Plus my other half wants the benches and outdoor space to look as good as possible and since she puts up with mr orchid habit, I tend to oblige! Concrete blocks would not pass muster.


----------



## emydura (Sep 9, 2016)

I'm not sure in the US but in Australia benches are very expensive, especially if you need to buy a few so you really need to make your own. I don't know one end of a drill from the other but even I could build the bench below. You just need to join up steel pipes with the galvanised tee joiners to get the frame. This is incredibly strong. You can then buy the steel mesh to use as the bench. The mesh will only come in certain sizes so you may likely need to buy a $10 bolt cutter to cut the mesh to size. The design of the bench is only limited by your imagination.

If you were to buy a bench like this it would most likely come to you in parts which you would have to assemble yourself. So why bother spending four times the money when you can do it yourself.
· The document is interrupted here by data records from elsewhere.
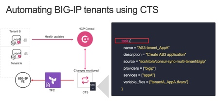 Deploying application workloads by developers or scaling operations traditionally involves submitting tickets, the network team assigning IP addresses, and the security team configuring policies. This siloed approach is time and resource intensive. Today, there are tools and automation to simplify processes and help developers become more independent to deploy and scale applications securely. In today's blog, we will talk about how we can deploy secure applications with an Advanced Web Application Firewall (AWAF) Policy on a F5 BIG-IP using automation. We will also look at a scenario where an existing application can be scaled up or scaled down, without any manual interventions. First, let us look at the tools involved. What are the Tools used? We will be using F5 Application Services Templates (FAST) to deploy application objects and AWAF policy on the BIG-IP. For more details about FAST, refer to https://clouddocs.f5.com/products/extensions/f5-appsvcs-extension/latest/ We will also be using HashiCorp Consul Terraform Sync, Consul HCP, and Terraform Cloud to automate our application management workflows. How does the solution work? We will use Consul Terraform Sync (CTS) to define the tasks. The tasks in CTS refer to the BIG-IP-Terraform module that has the FAST terraform resource. This is used to push the necessary configurations object whenever services are added or removed on a BIG-IP. The back end application nodes are running the consul agent and are registered to HCP Consul. CTS continuously monitors the HCP Consul catalog for changes. Let's talk about the CTS file, below is an example CTS file which you can customize and use it. # Consul Block consul { address = "localhost:8500" service_registration { enabled = true service_name = "CTS Event AS3 WAF" default_check { enabled = true address = "http://localhost:8558" } } token = "${consul_acl_token}" } # Driver block driver "terraform-cloud" { hostname = "https://app.terraform.io" organization = "SCStest" token = "<token>" required_providers { bigip = { source = "F5Networks/bigip" } } } terraform_provider "bigip" { address = "5.2.2.29:8443" username = "admin" password = "s8!" } task { name = "AS3-tenent_AppA" description = "BIG-IP example" source = "scshitole/consul-sync-multi-tenant/bigip" providers = ["bigip"] services = ["appA"] variable_files = ["tenantA_AppA.tfvars"] } task { name = "AS3-tenent_AppB" description = "BIG-IP example" source = "scshitole/consul-sync-multi-tenant/bigip" providers = ["bigip"] services = ["appB"] variable_files = ["tenantB_AppB.tfvars"] } Consul Block contains Consul agent address with the port, health check and HCP Consul token information. Driver block consists of terraform cloud details like org name, HCP terraform token and BIG-IP provider. You can also pass the address, username & password for BIG-IP provider using env variables. You can see we have a ‘task’ block in the configuration, this block defines what will be configured on the BIG-IP whenever a service is registered to the HCP Consul Catalog. In the above example, we have service or app ‘AppA’ so whenever CTS sees that service on the HCP Consul catalog it will push the configuration on BIG-IP using the terraform module provided in the source in the task block. The source in the task block uses terraform module registered at https://registry.terraform.io/modules/scshitole/consul-sync-multi-tenant/bigip/latest and the repository is at https://registry.terraform.io/modules/scshitole/consul-sync-multi-tenant/bigip/latest The terraform module uploads the FAST template file into the BIG-IP along with the virtual server and pool configuration. It also attaches the AWAF policy to the virtual server. Enables BIG-IP to do service discovery for Service Events on HCP Consul Creates a new example API endpoint like /mgmt/shared/service-discovery/task/~Consul_SD~Nginx~nginx_pool Which can be used to configure the pool member using the terraform resource "bigip_event_service_discovery” to add or remove the pool members Below is the example Fast template YAML title: Consul Service Discovery description: This template will create a virtual server that will use event driven service discovery definitions: tenant: title: Name of tenant description: give a unique name for this tenant app: title: Application description: give a unique name for this application defpool: title: pool defination description: should follow format poolname_pool only virtualAddress: title: Virtual Address description: IP addresses of virtual addresses (will create 80/443) virtualPort: title: Virtual Port description: Port that will be used type: integer parameters: virtualAddress: 10.0.0.200 virtualPort: 8080 tenant: "Consul_SD" app: "Nginx" defpool: "nginx_pool" template: | { "class": "AS3", "action": "deploy", "persist": true, "declaration": { "class": "ADC", "schemaVersion": "3.0.0", "id": "urn:uuid:940bdb69-9bcd-4c5c-9a34-62777210b581", "label": "Consul Webinar", "remark": "Consul Webinar", "{{tenant}}": { "class": "Tenant", "{{app}}": { "class": "Application", "{{app}}_vs": { "class": "Service_HTTP", "virtualPort": {{virtualPort}}, "virtualAddresses": [ "{{virtualAddress}}" ], "pool": "{{defpool}}", "policyWAF": { "use": "Arcadia_WAF_API_policy" }, "persistenceMethods": [], "profileMultiplex": { "bigip": "/Common/oneconnect" } }, "Arcadia_WAF_API_policy": { "class": "WAF_Policy", "url": "https://gist.githubusercontent.com/scshitole/7b7cdcfbd48797d90769ae587324cc9b/raw/6f7a9be072230685956f84652312b3c7e153c6cf/WAFpolicy.json", "ignoreChanges": true }, "{{defpool}}": { "class": "Pool", "monitors": [ "http" ], "members": [{ "servicePort": 80, "addressDiscovery": "event" }] } } } } } and here is the module main.tf file terraform { required_providers { bigip = { source = "f5networks/bigip" version = "~> 1.15.0" } } } locals { tenant_params = jsonencode({ "tenant": var.tenant, "app": var.app, "virtualAddress": var.virtualAddress, "defpool": var.defpool, "virtualPort": var.virt
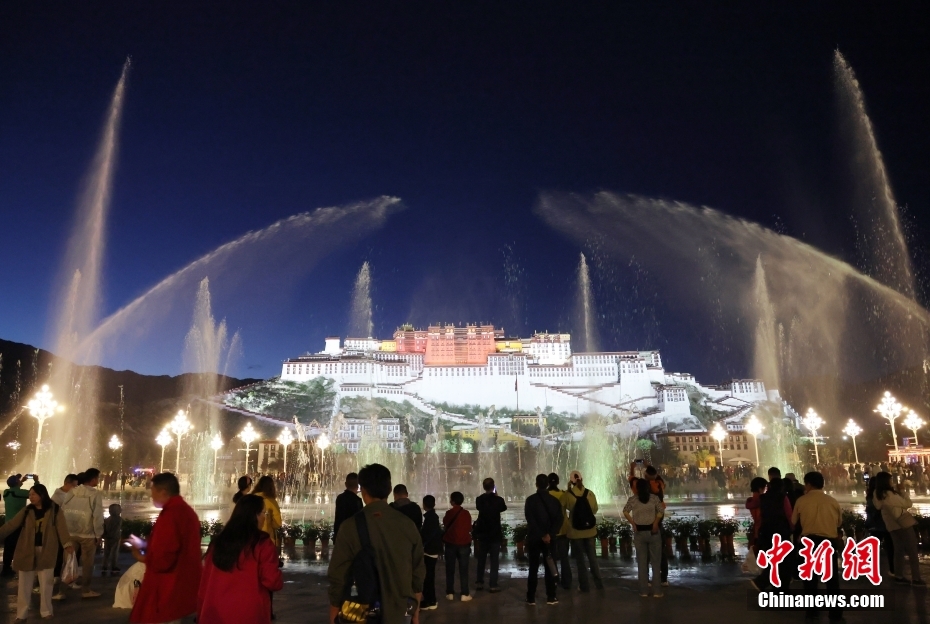 7月7日晚,西藏拉萨布达拉宫广场灯光明亮、喷泉绽放,吸引当地民众与远方游客前来观赏美景。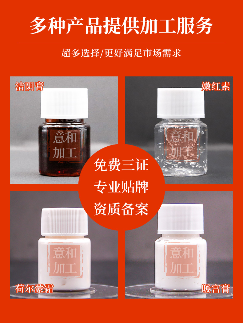 暖宮膏貼牌加工生產(chǎn)靠譜廠家廣州意和生物有限公司,是華南地區(qū)為數(shù)不多的消字號,妝字號,械字號證件齊全的公司,資質(zhì)齊全,配方成熟,服務(wù)全面,純天然中藥高端產(chǎn)品質(zhì)量。源頭生產(chǎn)廠家,4大行業(yè)生產(chǎn)字號、5大專業(yè)oem工廠、十幾年專業(yè)代工經(jīng)驗(yàn)。更有專業(yè)的研發(fā)團(tuán)隊(duì),不僅可以為客戶提供成熟配方,還可以根據(jù)客戶需求提供OEM一站加工貼牌,廣州意和以消字號個性化定制為主,專注于女性私密護(hù)理,以全面啟動女性私護(hù)管理連鎖項(xiàng)目,打造安全有效的、無憂的私人訂制特色服務(wù)標(biāo)準(zhǔn)為基準(zhǔn),為全國女性提供秘密花園養(yǎng)護(hù)基地,幫助每一位客戶實(shí)現(xiàn)私護(hù)的蛻變重生。廣州意和縮陰液OEM為廣大客戶提供產(chǎn)品的設(shè)計(jì)到生產(chǎn)一站式貼牌。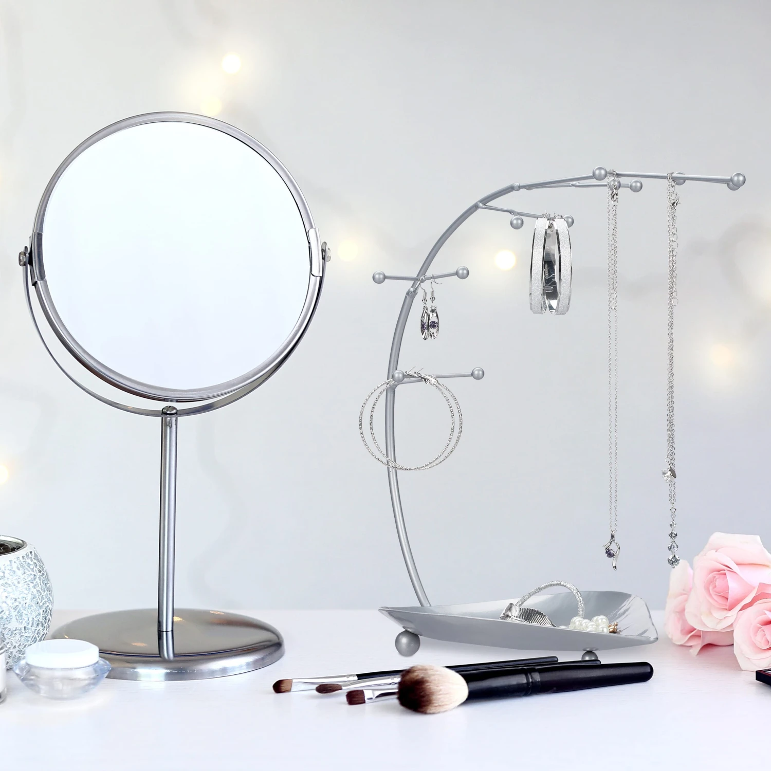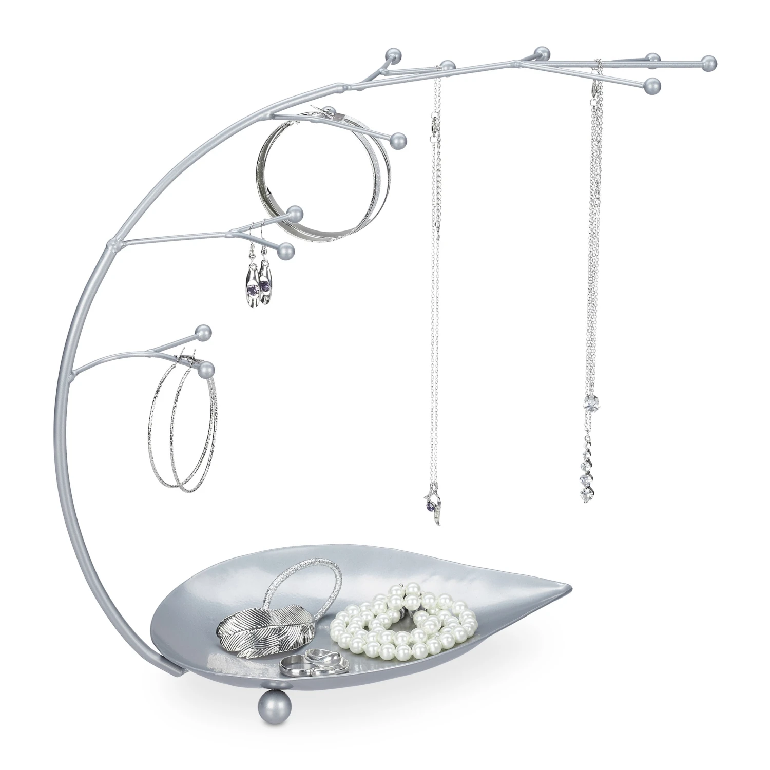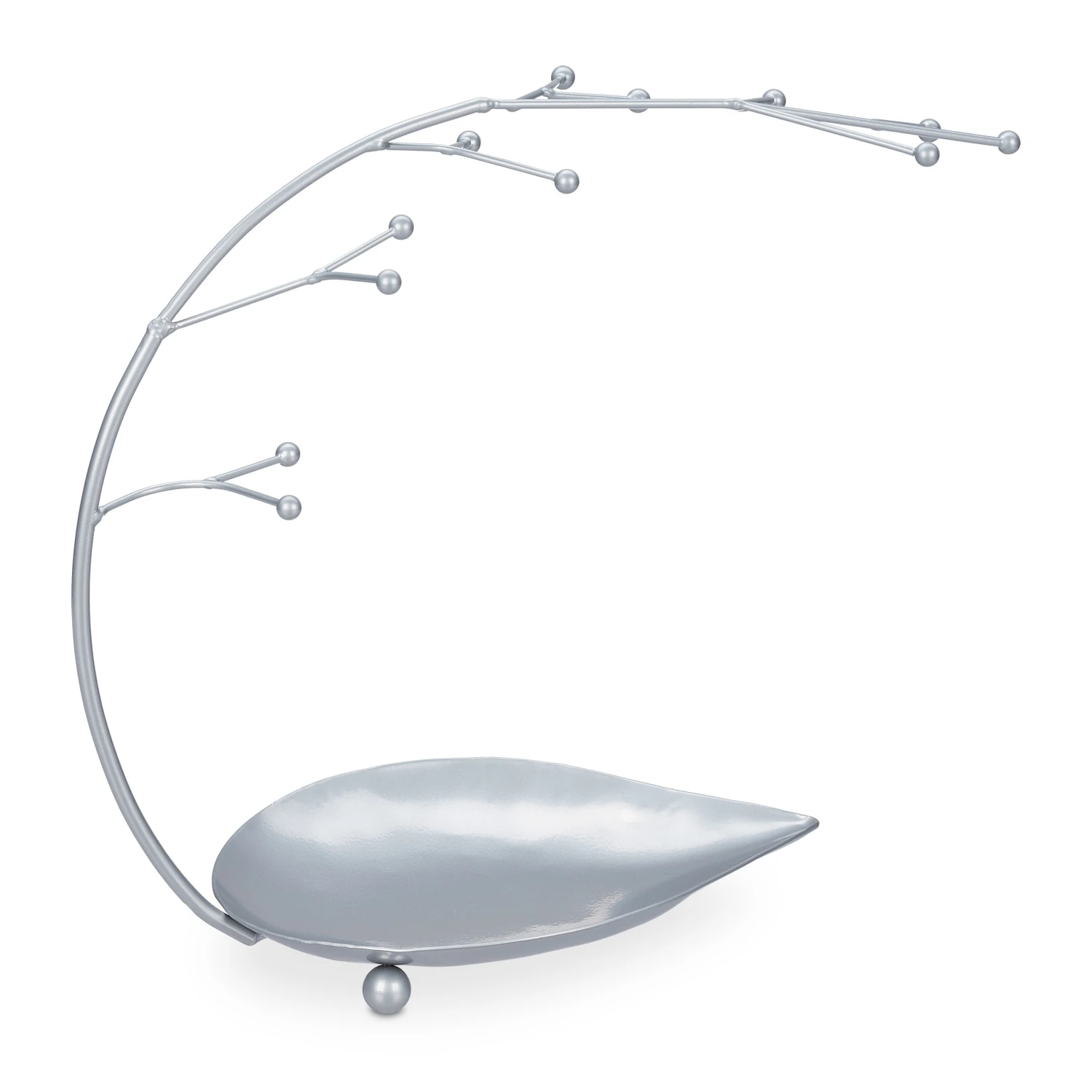 Mit diesem Schmuckständer gehören verhedderte Halsketten der Vergangenheit an. Der Kettenhalter bietet auf 12 Armen Platz für Halsketten, Ohrringe, Armbänder und -reifen. Auf der integrierten Schmuckablage lassen sich Ringe, Uhren und weitere Accessoires verstauen. Dank des naturinspirierten Designs mit Zweigen und Knospen und Ablage in Blattform wirkt der Halskettenständer besonders elegant und fügt sich dekorativ auf dem Schmink- oder Frisiertisch ein.

Just go to your local steel company where they will cut the steel pipes to the length you require and provide the joiners. 

The other advantage of building your own bench is you can build the size you require. I had a gap in my glasshouse which I have filled exactly therefore maximising my space.

I'm not sure if this setup interests you but here are some photos of the bench I recently built.


----------



## abax (Sep 9, 2016)

If I can build six and eight foot benches with hardware cloth and
pressure treated wood, you certainly can. I even made the last
bench with rollers on the legs so I can move it around a bit. If
a bit fancy is required, give the wood a nice coat of stain.


----------